YOUR INSTRUCTIONS. An exact copy of the lines of the listing below between the "- 造型:瓶呈四瓣瓜棱形,頸" line and the "I—原始状态;II—固溶状态" line, both included, is the whole answer; please omit the pictures.
----
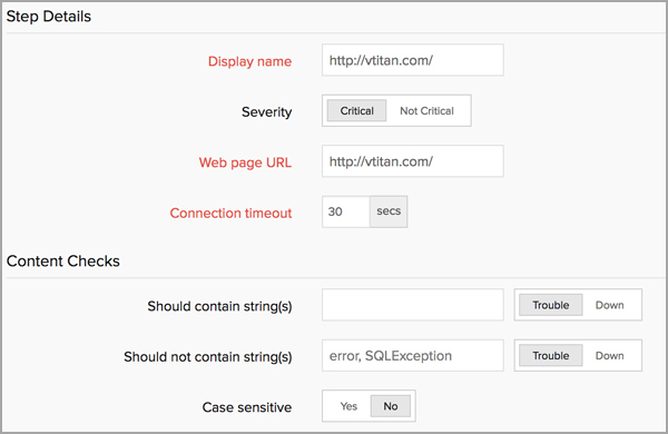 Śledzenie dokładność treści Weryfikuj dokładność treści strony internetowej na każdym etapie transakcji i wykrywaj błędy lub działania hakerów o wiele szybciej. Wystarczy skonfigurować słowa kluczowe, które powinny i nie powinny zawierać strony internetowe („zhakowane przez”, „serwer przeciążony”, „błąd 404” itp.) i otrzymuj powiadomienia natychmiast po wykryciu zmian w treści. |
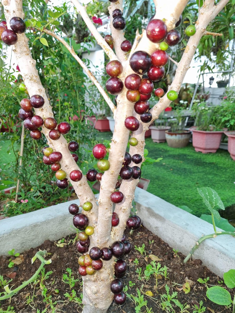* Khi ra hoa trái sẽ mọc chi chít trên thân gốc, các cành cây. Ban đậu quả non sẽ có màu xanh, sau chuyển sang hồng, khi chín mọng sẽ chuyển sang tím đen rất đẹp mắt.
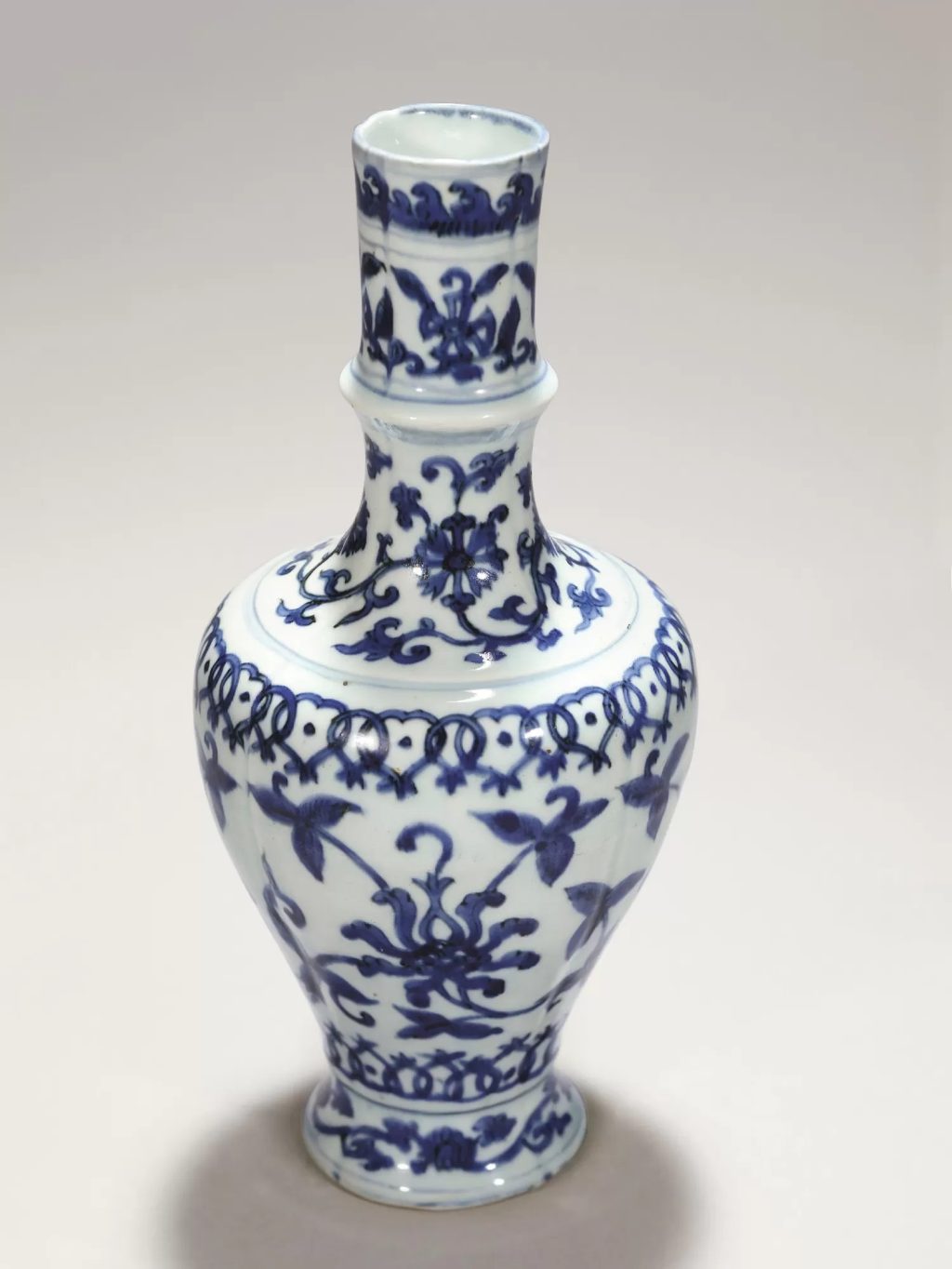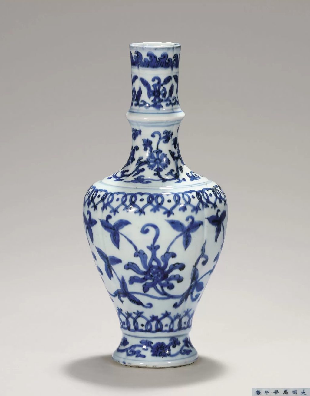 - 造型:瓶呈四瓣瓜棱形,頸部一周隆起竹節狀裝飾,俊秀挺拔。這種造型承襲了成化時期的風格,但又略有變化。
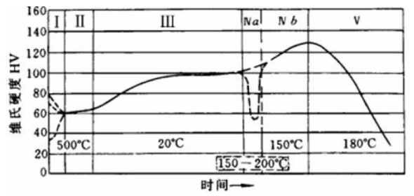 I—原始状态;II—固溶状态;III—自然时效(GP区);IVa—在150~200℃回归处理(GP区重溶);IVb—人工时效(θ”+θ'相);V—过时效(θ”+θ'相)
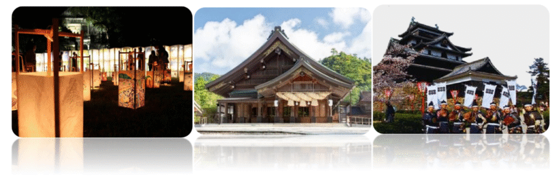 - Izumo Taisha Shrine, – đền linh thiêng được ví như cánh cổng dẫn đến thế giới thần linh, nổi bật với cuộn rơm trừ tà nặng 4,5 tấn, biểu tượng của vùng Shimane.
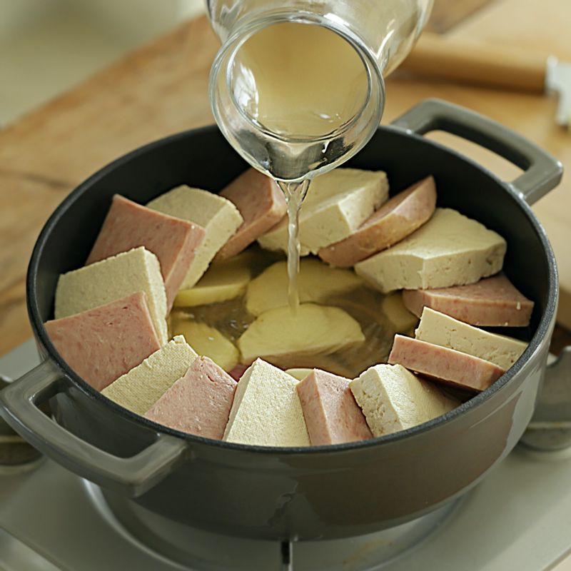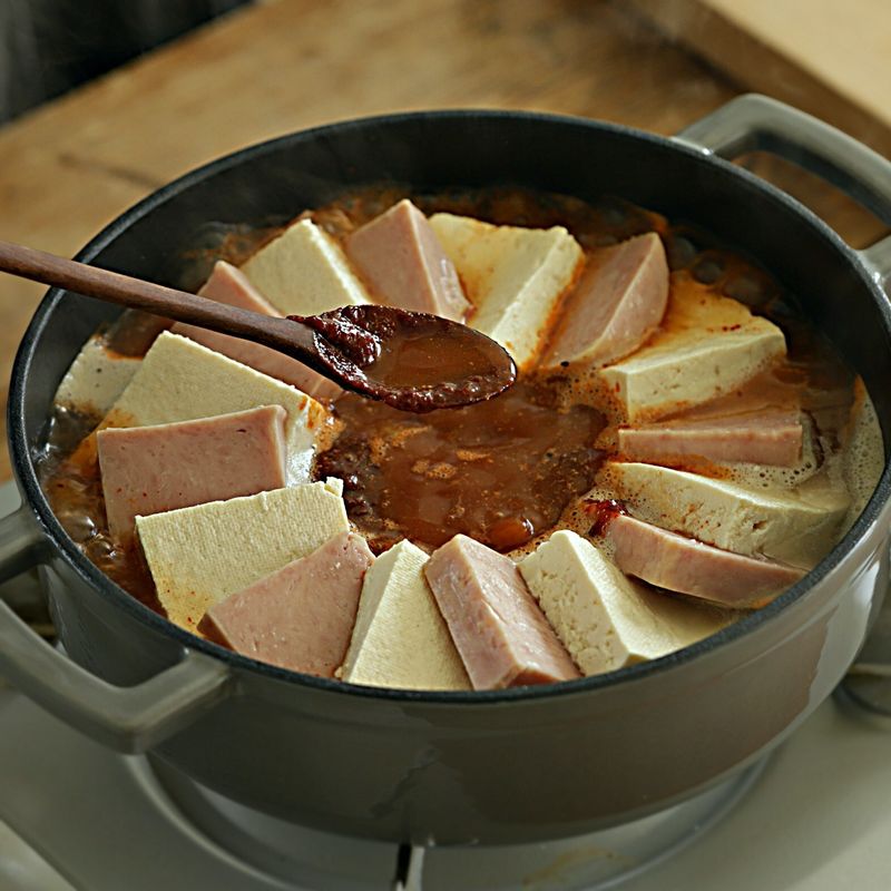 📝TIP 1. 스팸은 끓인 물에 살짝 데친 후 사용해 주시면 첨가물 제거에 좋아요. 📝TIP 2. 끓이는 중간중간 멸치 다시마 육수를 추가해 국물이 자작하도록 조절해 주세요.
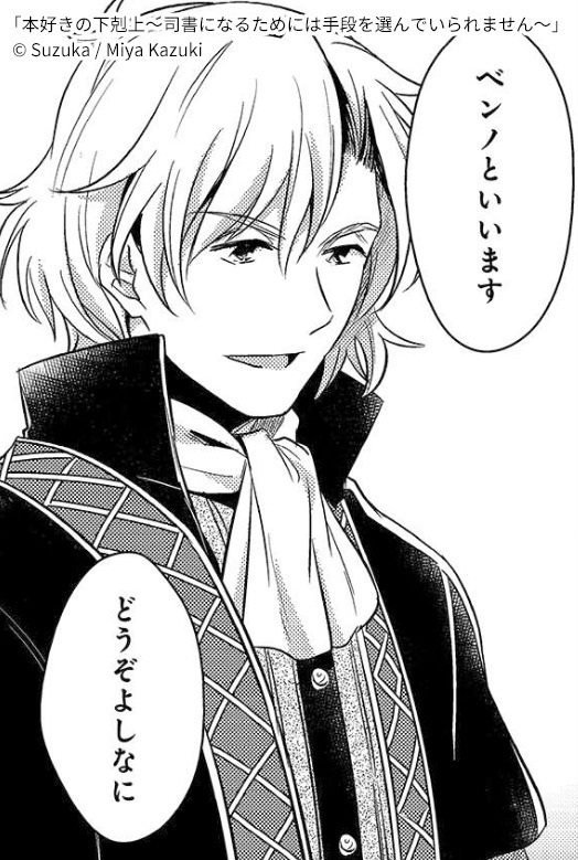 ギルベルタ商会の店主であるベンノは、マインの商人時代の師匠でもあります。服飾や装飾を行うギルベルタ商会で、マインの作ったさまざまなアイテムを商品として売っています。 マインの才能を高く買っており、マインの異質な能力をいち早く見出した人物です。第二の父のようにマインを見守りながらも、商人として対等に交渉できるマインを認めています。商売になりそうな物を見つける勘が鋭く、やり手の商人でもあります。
----
EXERCISE OUTPUT.
 - 造型:瓶呈四瓣瓜棱形,頸部一周隆起竹節狀裝飾,俊秀挺拔。這種造型承襲了成化時期的風格,但又略有變化。
 I—原始状态;II—固溶状态;III—自然时效(GP区);IVa—在150~200℃回归处理(GP区重溶);IVb—人工时效(θ”+θ'相);V—过时效(θ”+θ'相)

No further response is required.